**TASK PROMPT**. Return, word for word, every line starting at the line with "Блинчики с малиной и йогуртом" and ending at the final line of the entries; skip the pictures.
══ DATASET EXCERPTS ══
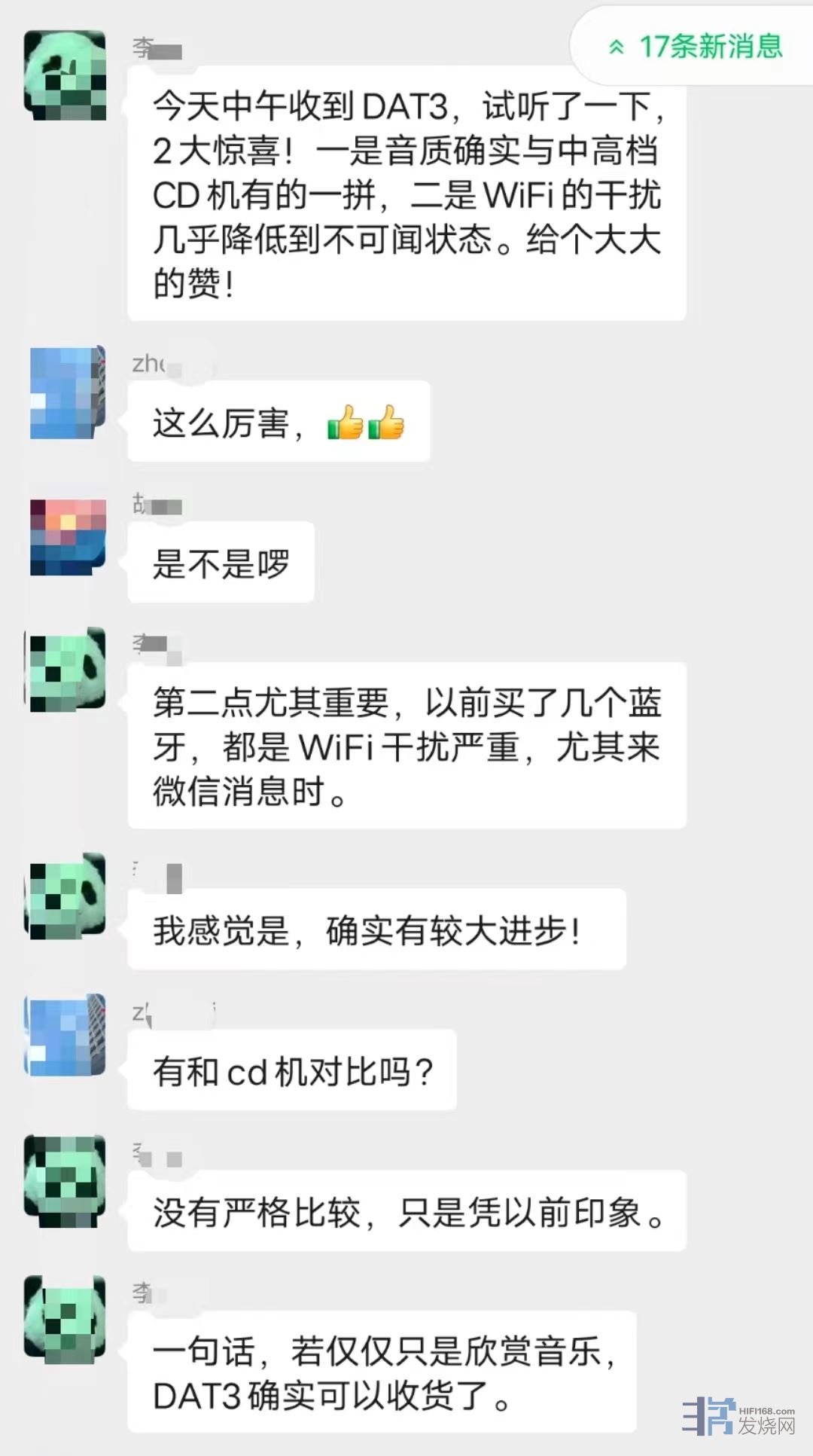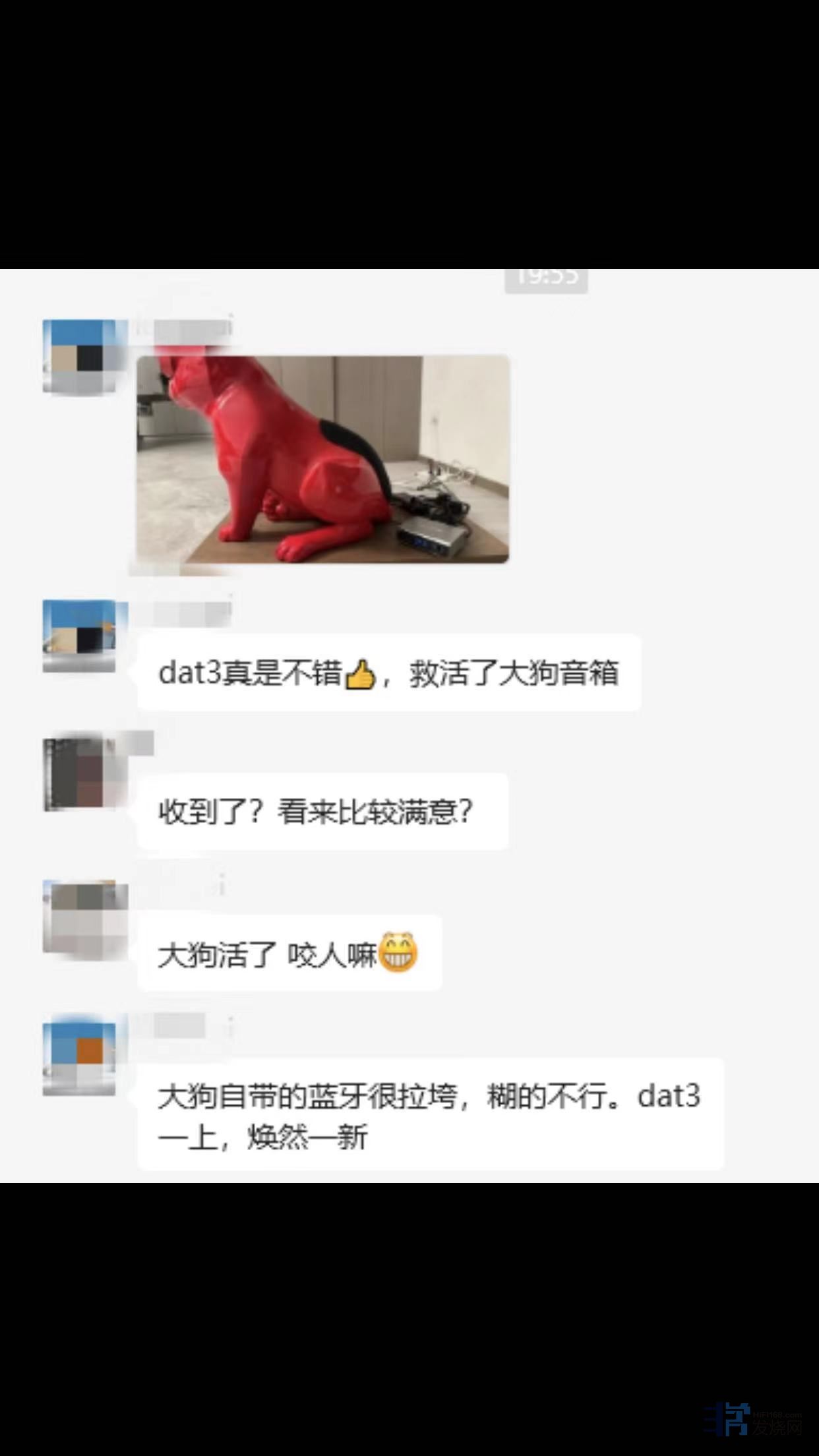 在群内,一位朋友的音箱外形颇具特色,被称为大狗音箱。其他群友对 DAT3 的实际使用体验也充满好奇,紧接着便询问其是否满意。这位朋友表示,大狗自带的蓝牙效果不佳,较为模糊,但当使用 DAT3 后,却有了焕然一新的感觉。“焕然一新”这个评价无疑是相当高的。
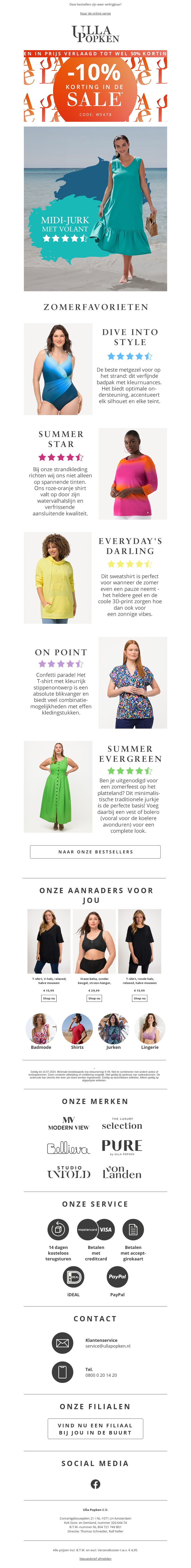 Mis het niet! Onze prijzen zijn verlaagd met kortingen tot 50% op een breed assortiment aan stijlen. Daarnaast krijg je nu nog eens 10% extra korting op alle sale items met de code WS478. Bekijk onze zomerfavorieten en meer.
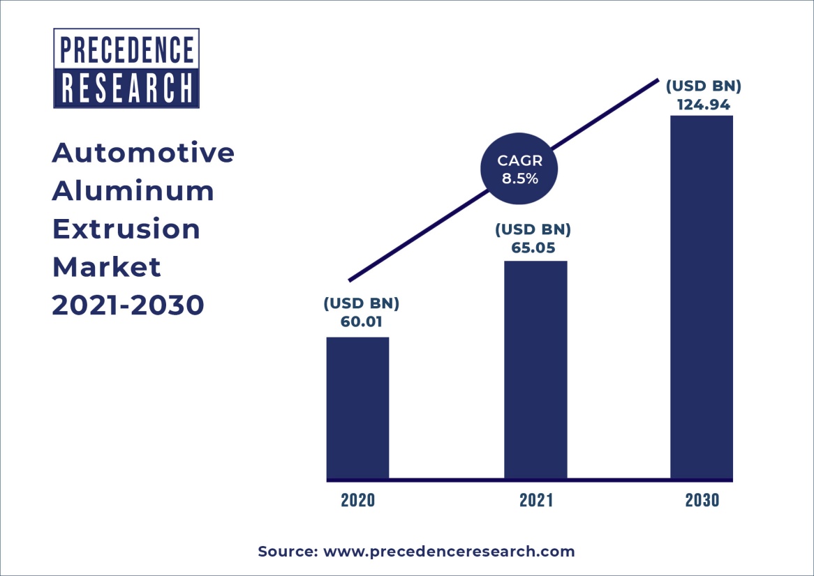 Tokyo, Jan. 12, 2022 (GLOBE NEWSWIRE) -- According to Precedence Research, the automotive aluminum extrusion market size was worth at US$ 65.05 billion in 2021. The automotive aluminum extrusion demand is expected to increase as a result of increasing demand for light weight vehicles and electric vehicles in the market. In order to new alloy processing technologies for lightweight applications, companies in the automotive aluminum extrusion industry need to ramp up their research and development activities.
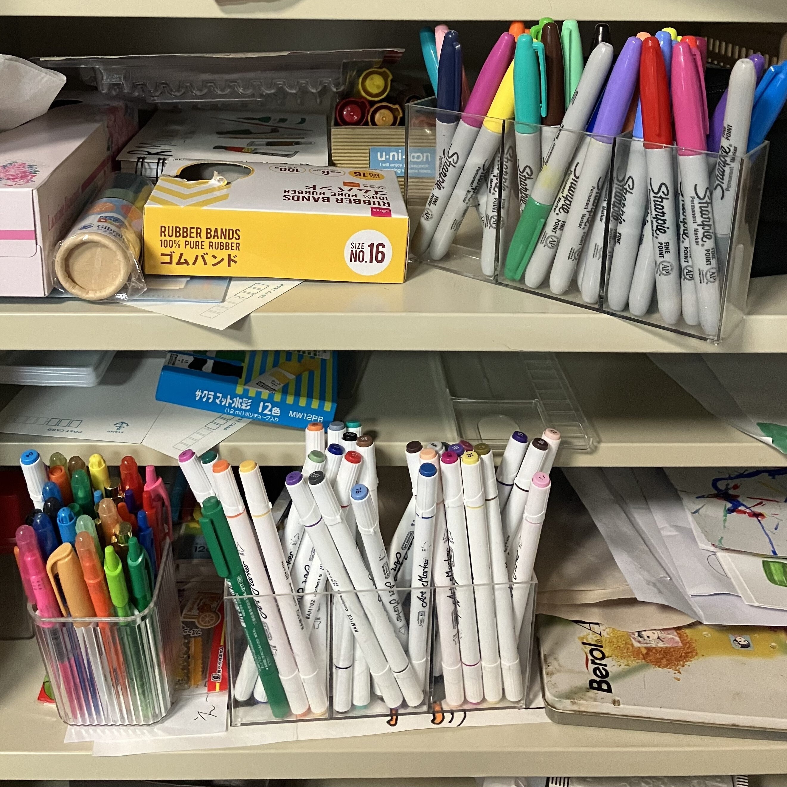 保護者が仕事で家にいない時間、二宮さんはおばあさんの傍でじっと絵を描いていたそうです。そしておそらく二宮さんにとって絵を描くこととは、鉛筆の黒一色で表現することだったのでしょう。実際、この施設に通い始めた頃(2、3年前)の二宮さんは、作業場の棚に並ぶカラフルなマーカーペンの中でも、片手で数えられるほどの色数しか使えなかったそうです。
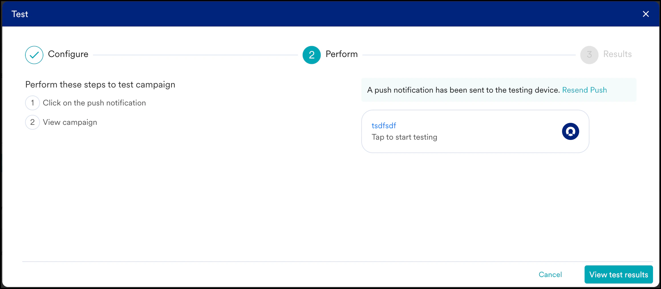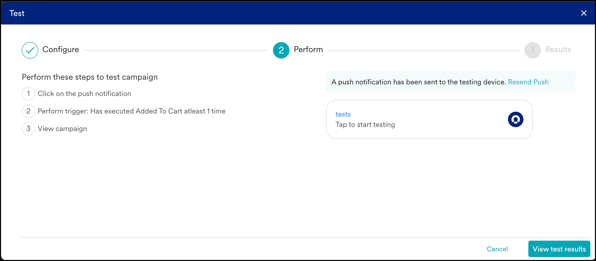 When testing an in-app campaign with a custom trigger event, a step appears: Perform trigger: The trigger you selected To complete this test, perform the custom event you selected in your app. For example, if your campaign is triggered by an “Add to Cart” event, click the Add to Cart button in your app. After you complete the steps, click View Test Results.
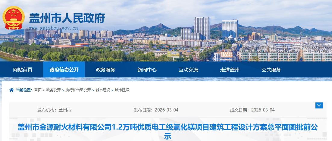蓋州市金源耐火材料有限公司(2025年1月6日變更為蓋州市匯佳耐火材料有限公司)1.2萬噸優(yōu)質(zhì)電工級(jí)氧化鎂項(xiàng)目,規(guī)劃用地性質(zhì)為工業(yè)用地,項(xiàng)目用地面積為15942平方米?,F(xiàn)建設(shè)單位已委托設(shè)計(jì)單位按照相關(guān)技術(shù)標(biāo)準(zhǔn)和規(guī)范優(yōu)化完善了建設(shè)工程規(guī)劃設(shè)計(jì)方案,現(xiàn)將規(guī)劃設(shè)計(jì)方案予以公示并公開征求相關(guān)厲害關(guān)系人意見。
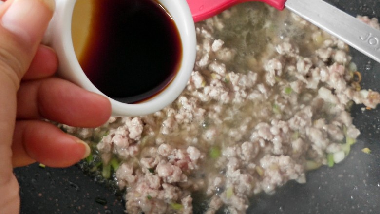 16. 放香葱,翻炒均匀,香菇烧麦馅做好,这个馅可以直接吃的,香喷喷的。
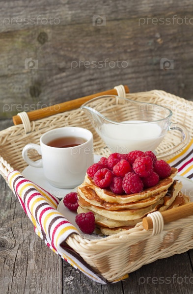 Блинчики с малиной и йогуртом
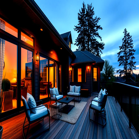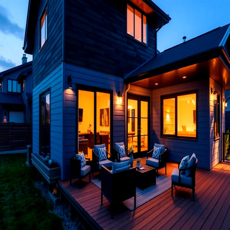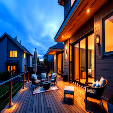 Outdoor patio with patio and deck at twilight. Northwest, USA
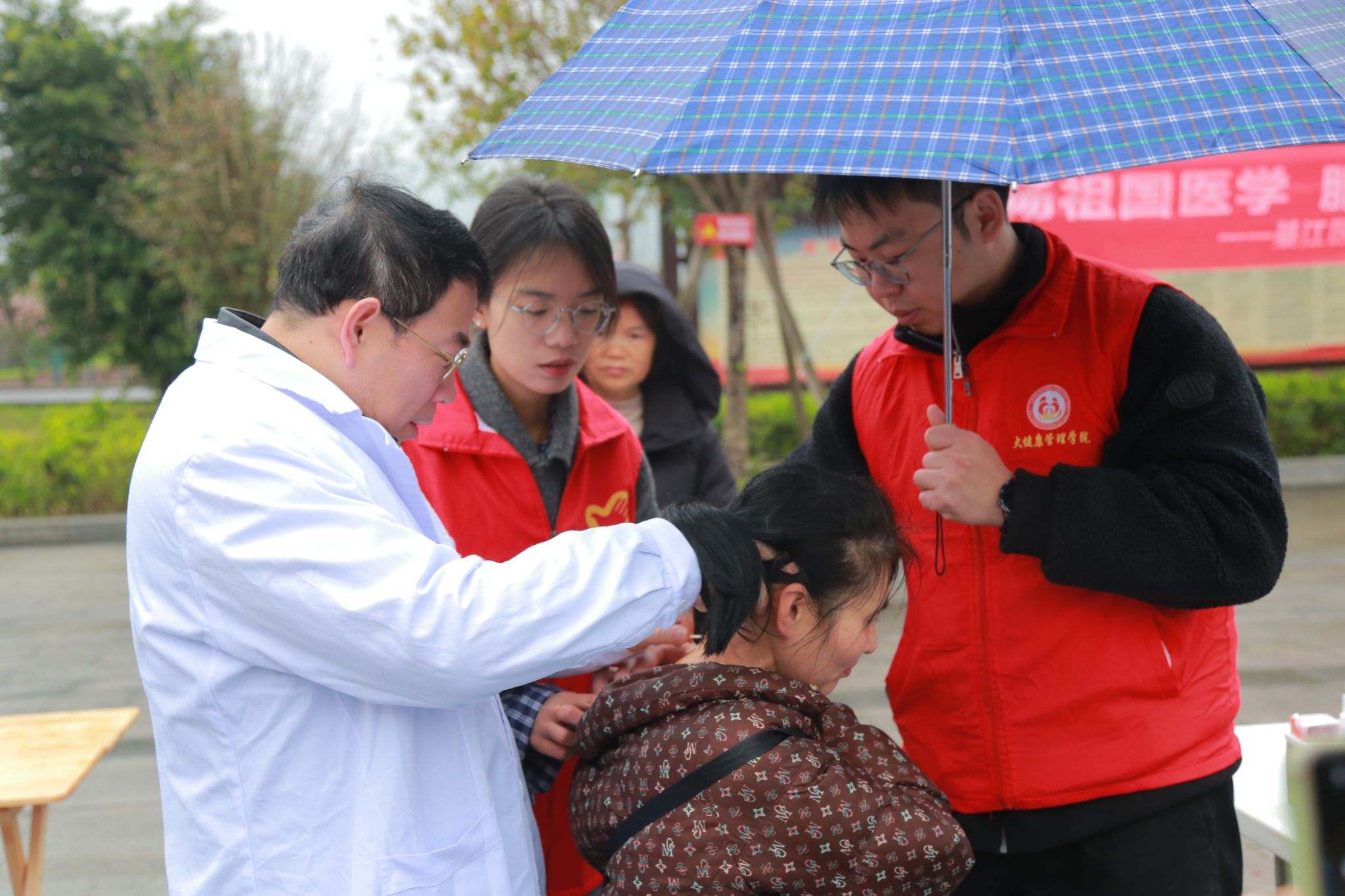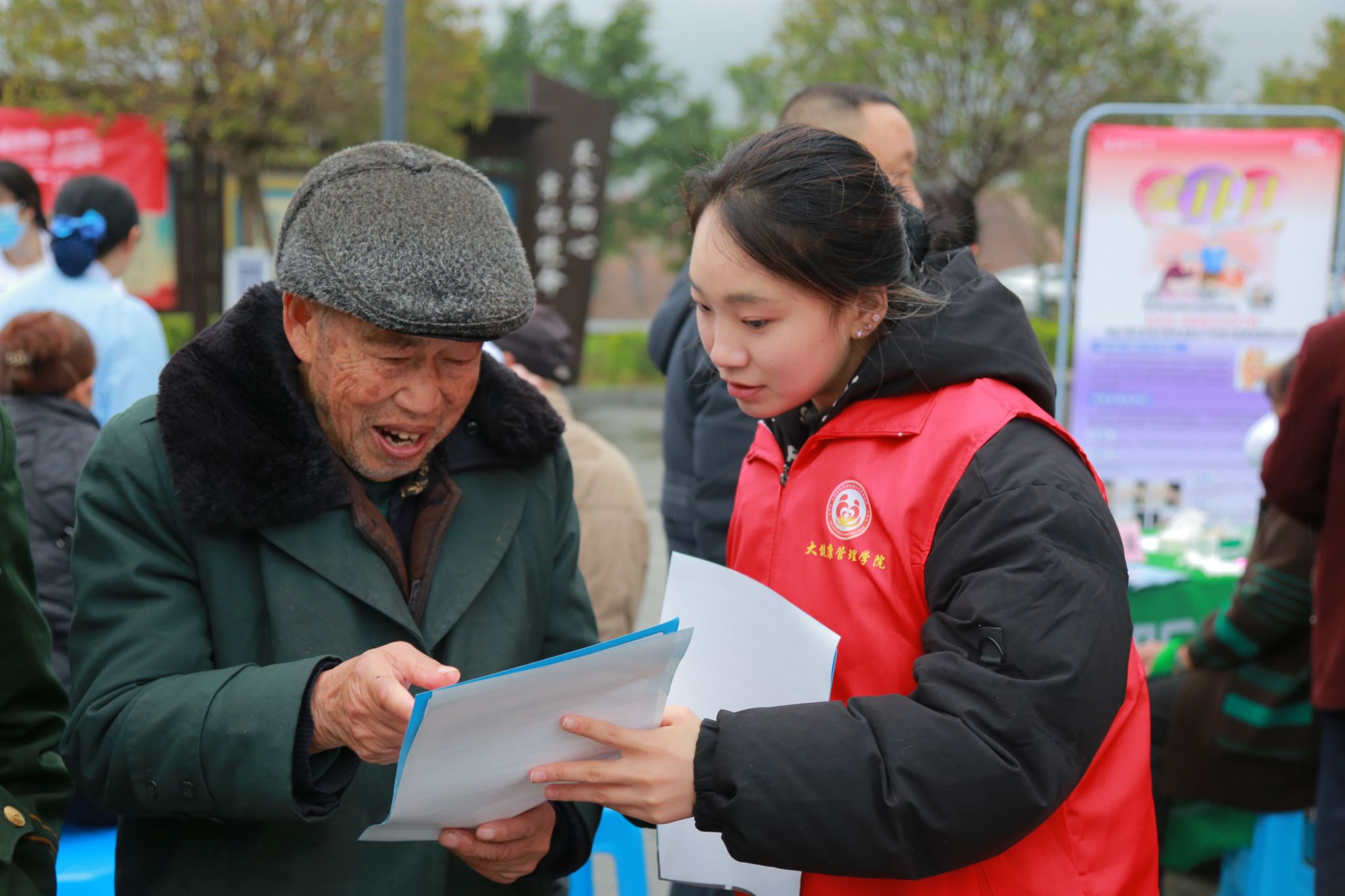 活动现场,大健康管理学院“向日葵”医护服务志愿服务支队的志愿者协助綦江区中医院的医护团队搭建义诊台,面对人流高峰,志愿者们用“微笑提醒+分流引导”化解拥挤,向居民介绍义诊流程。志愿者们主动承担起“专属陪护”任务,搀扶行动不便的老人测量血压,用方言亲切讲解注意事项,为现场活动有序开展提供重要保障。
═══
**SOLUTION TO THIS EXERCISE**.
 Блинчики с малиной и йогуртом
 Outdoor patio with patio and deck at twilight. Northwest, USA
 活动现场,大健康管理学院“向日葵”医护服务志愿服务支队的志愿者协助綦江区中医院的医护团队搭建义诊台,面对人流高峰,志愿者们用“微笑提醒+分流引导”化解拥挤,向居民介绍义诊流程。志愿者们主动承担起“专属陪护”任务,搀扶行动不便的老人测量血压,用方言亲切讲解注意事项,为现场活动有序开展提供重要保障。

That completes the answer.